There was a lengthy article about this whole "can neutrinos travel faster than the speed of light" debate in this morning's City AM, entitled Why Albert Einstein might have been wrong after all and why this really matters.
I don't get the excitement.
From what I understand, many scientists, including Einstein, assumed that certain forces or particles or waves (light, radio, gravity etc) travel at a certain fixed speed (in a vacuum, relative to the observer etc) and that nothing can travel faster than that. It was inspired guesswork that made Einstein and others agree that the fastest thing of all is photons, which people refer to as "the speed of light" rather than referring to it as "the speed of radio waves" or "the speed of gravity" or anything else (interestingly, they didn't decide for sure whether gravity propagated at the speed of light until 2003, despite common sense saying that it must do).
Now, neutrinos weren't invented, defined, discovered, whatever, until long after it became accepted that the thing which travels fastest is photons, which as Einstein himself acepted, do not travel in straight lines and can be bent by gravity, therefore they can be slowed down, however slightly.

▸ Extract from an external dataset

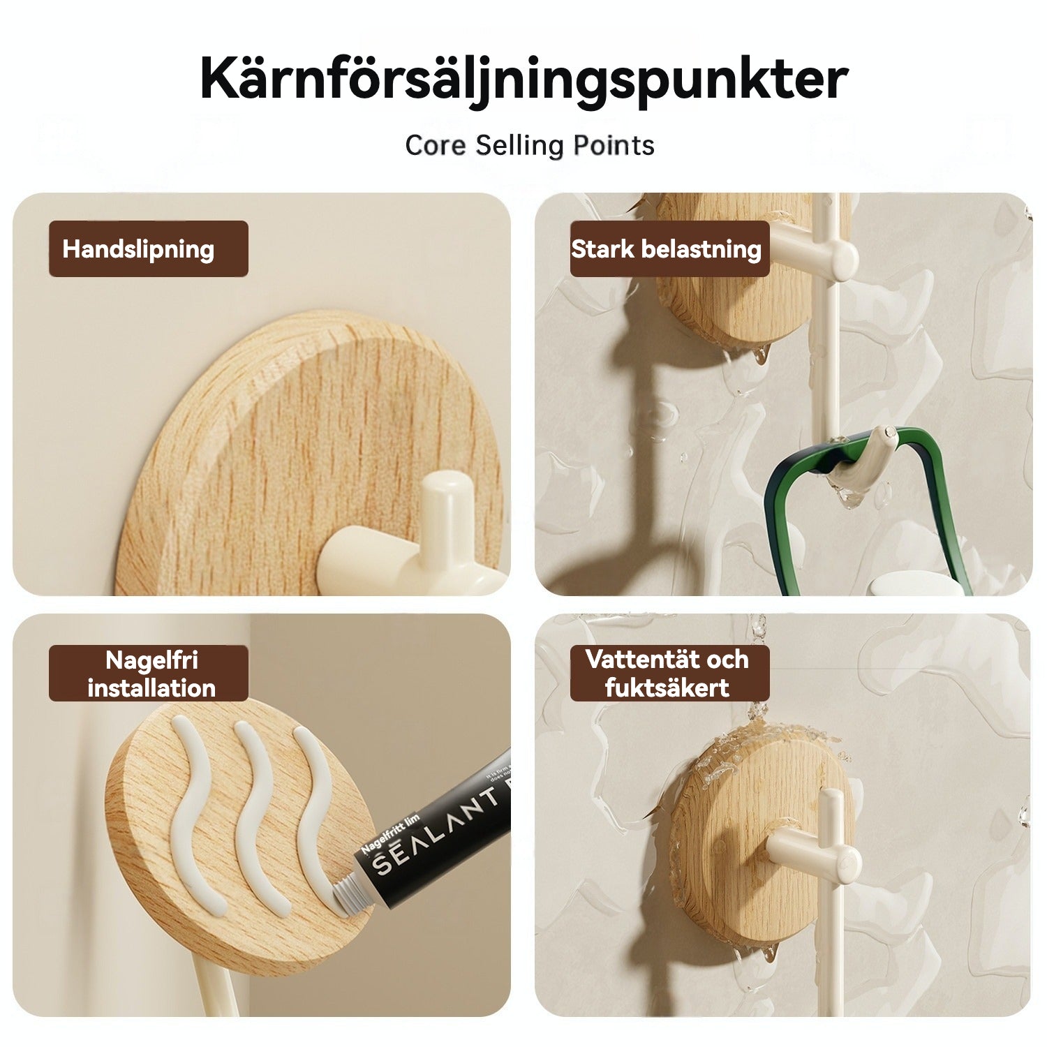 Skandinaviska Väggkrokar i Ljust Trä

So had Einstein and all his contemporaries known about neutrinos, they might well have decided that the things which travel fastest is neutrinos - because gravity cannot slow them down, heck, not even solid rock can slow them down - and that photons travel a tiniest smidge slower*. All the equations which require people to know the speed at which photons travel (such as the GPS satellites, there are few other practical applications of this knowledge) would then perhaps be the tiniest smidge more accurate, but so what?
If you ask me, the whole thing is about as dramatic as people always assuming that the cheetah is the fastest land-based animal, and that no animal can run faster, but it turning out that there's a little known related species of big cat which can actually run 0.001 mph faster. The far more fundamental points are that (a) "there is a maximum speed at which any animal can run"; and (b) we know roughly what that speed actually is.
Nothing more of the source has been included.